Чтобы исключить такую возможность, Хейл взял за правило останавливаться через каждые десять минут и поворачиваться на триста шестьдесят градусов, обозревая местность, насколько проникал взгляд — а проникал он совсем недалеко. Однако, кроме потерявшегося бычка и промелькнувшего мимо оленя, Хейл не встречал никаких признаков жизни. До тех пор, пока не поднялся на вершину холма и не увидел цепочку громадных следов, пересекавшую его маршрут.

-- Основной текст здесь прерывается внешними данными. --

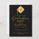 Um convite elegante e simples para uma festa de formatura tanto para ele quanto para ela. Fundo preto e um topo de tassel abstrato preto moderno em dourado falso com o ano dentro. Personalize e adicione um nome e detalhes da festa. O texto Formatura e o nome são escritos com estilo de letra manuscrita moderna. Texto em cor dourada.
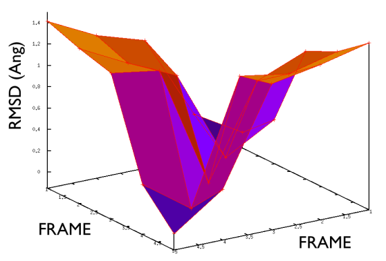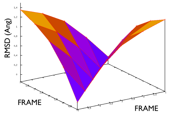 A truly important point is that if you get a trajectory from some form of accelerated dynamics (e.g. simply by heating) this cannot simply be converted into a path. Since it is likely that your trajectory is going back and forth randomly (not in the case of SMD or US, discussed later), your trajectory might be not topologically suitable. To understand that, suppose you simply collect a reactive trajectory of 100 ps into the reference path you give to the PATHMSD and simply you assign the frame of 1 ps to index 1 (first frame occurring in the reference file provided to PATHMSD), the frame of 2 ps to index 2 and so on : it might be that you have two points which are really similar but one is associated to step, say 5 and the other is associated with frame 12. When you analyze the same trajectory, when you are sitting on any of those points then the calculation of S will be an average like \( S(X)=(5+12)/2=8.5 \) which is an average of the two indexes and is completely misleading since it let you think that you are moving between point 8 and 9, which is not the case. So this evidences that your reference frames should be "topologically consecutive". This means that frame 1 should be the closest to frame 2 and all the other frames should be farther apart. Similarly frame 2 should be equally close (in an RMSD sense) to 1 and 3 while all the others should be farther apart. Same for frame 3: this should be closest to frame 2 and 4 and farther apart from all the others and so on. This is equivalent to calculate an "RMSD matrix" which can be conveniently done in vmd (this is a good exercise for a number of reasons) with RMSD Trajectory tools, by choosing different reference system along the set of reference frames.

Отпечатки были такими глубокими, что их не успел завалить даже сильный снегопад, хотя разобрать точную форму уже не казалось возможным. И все же характер следов, а также те толчки, что разбудили Хейла ночью, не оставляли сомнений — здесь прошагала химерианская боевая машина, скорее всего «голиаф».
Были и другие свидетельства ее продвижения — расколотые валуны, вывернутые из земли деревья и черное выжженное пятно вдалеке. Чему-то — или кому-то не посчастливилось оказаться не в том месте и не в то время.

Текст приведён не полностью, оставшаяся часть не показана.